Employees are expensive to pay, costly to train and require a larger investment to retain long-term. Alternatively, service contracts are inexpensive and provide you with peace of mind that your mission-critical applications and hardware are on someone’s radar 24 hours a day, 7 days a week without all the negative aspects of employees. A typical mission-critical (24×7, 2-hour response) service contract costs from $80 to $150 per system per month. At first glance, this sounds like a lot of money, but to justify the costs, you should calculate the amount of money potentially lost during a downtime incident.
Even for internal use only systems, downtime carries a heavy financial burden. Every person on your payroll affected by the downtime costs you money. Their salaries, multiplied by the length of the outage, provide you with an estimate of that loss. If their time is billable to a project or customer, you’re losing that revenue as well. It doesn’t take long to see that $1,800 per year is a good investment for more than just peace of mind; it makes good business sense. For e-commerce or customer portal systems, downtime dollars easily skyrocket into the hundreds of thousands per hour or minute.
Additionally, having your employees tear into a system that’s under warranty voids the warranty putting you in an even sticker situation: Down with no warranty.
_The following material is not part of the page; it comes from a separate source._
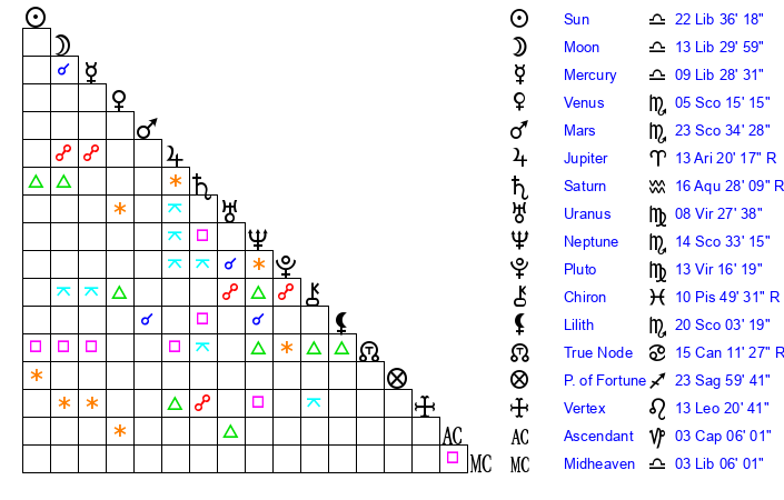 | Moon | 13 Libra 26 | 29 Leo 20 | 12 Capricorn 59 |
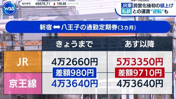 JR東日本、歴史的値上げ!!! 新宿⇔八王子の通勤定期は私鉄との差額が約1万円!!!

Now that you have all those reasons to rid yourself of the employee plague permanently, let me tell you how wrong it would be for you to do so. First, who’ll be there to handle those day-to-day tasks? A service contract doesn’t usually cover preventative maintenance, adding and removing user accounts, maintaining web pages, verifying backups, rebooting systems that need it, patching application software and I think you’re getting the picture. Second, you’ll also need someone around who knows enough to call support when something goes awry. Connecting to vendor support sounding like a 911 call will only frustrate you and the first-level support person on the other end of the phone. Unless you know enough about your systems to attempt some standard “fixes” on the phone with support, you’d better have an IT staff to take care of you during these emergency situations.
Service contracts might not save you the zillions of dollars you thought they would by replacing employees, but having service contracts is an opportunity to save something more valuable than money alone: Time. And time, as you well know, is money. When you figure the risks and costs of downtime due to hardware failure, ask yourself whether you can afford it. The answer for perceptive business people is no.
To answer the question, “Are service contracts better than employees?” No, they’re different, but they complement one another. One will never replace the other and frugal business owners know that employees empowered with service contracts protect the most valuable business asset of all: The Customer.